How large a catalogue can it process?
Free tier: 500 rows / 2 MB (this is a Pro tool). Pro: 100,000 rows / 100 MB. For larger feeds, split with csv-row-splitter, dedupe each part, concatenate, and run a final pass.
Can I upload an Excel product sheet?
Yes — .xlsx, .xls, and .ods are accepted; the first sheet is converted to CSV, deduped, and downloadable back as .xlsx. Plain .csv works too, and the delimiter is auto-detected.

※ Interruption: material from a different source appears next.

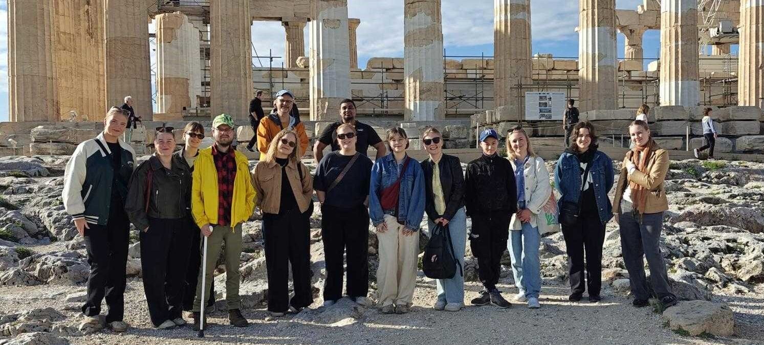 Tidigt på morgonen den första april tog vi oss till Helsingfors-Vanda flygplats. Även om det verkade lite för bra för att vara sant att vi verkligen skulle åka till Aten var det ändå inget aprilskämt. Gruppen bestod av 12 studenter och två lärare som sedan förväntansfyllda landade i ett varmt, om än ganska blåsigt, Aten. Målet med resan, likt andra religionsvetenskapliga exkursionskurser vid Åbo Akademi, var att öka förståelsen för andra kulturer och religioner genom att möta personer och besöka platser som hör till dessa religioner. De faktiska mötena med personer fick vi mer av senare under resan när vi bekantade oss med modern grekisk religiositet och diskuterade religion med troende greker. Vårt första möte var dock med platser som inte kunde säga något, men som ändå berättade mycket om det historiska religiösa landskapet i Aten, nämligen Akropolis och den antika Agora.

Is my wholesale cost / supplier data uploaded?
No. Parsing and deduplication run in your browser. Costs, supplier names, and SKUs never reach a server — only an anonymous run counter is recorded for signed-in dashboards.
How do I just see which SKUs are duplicated first?
Use csv-duplicate-finder — it adds an _is_duplicate YES/NO column and groups duplicate SKUs so you can review before removing anything. Then use this deduplicator to collapse them.
It collapsed legitimate size variants — what went wrong?
You likely keyed on a parent SKU shared across variants. Dedupe on the variant-level identifier instead (Variant SKU, Barcode), which is unique per size/colour, so genuine variants are preserved.
Privacy first
Processing runs locally in your browser with PapaParse. No file is uploaded — only metadata counters are saved for signed-in dashboard stats.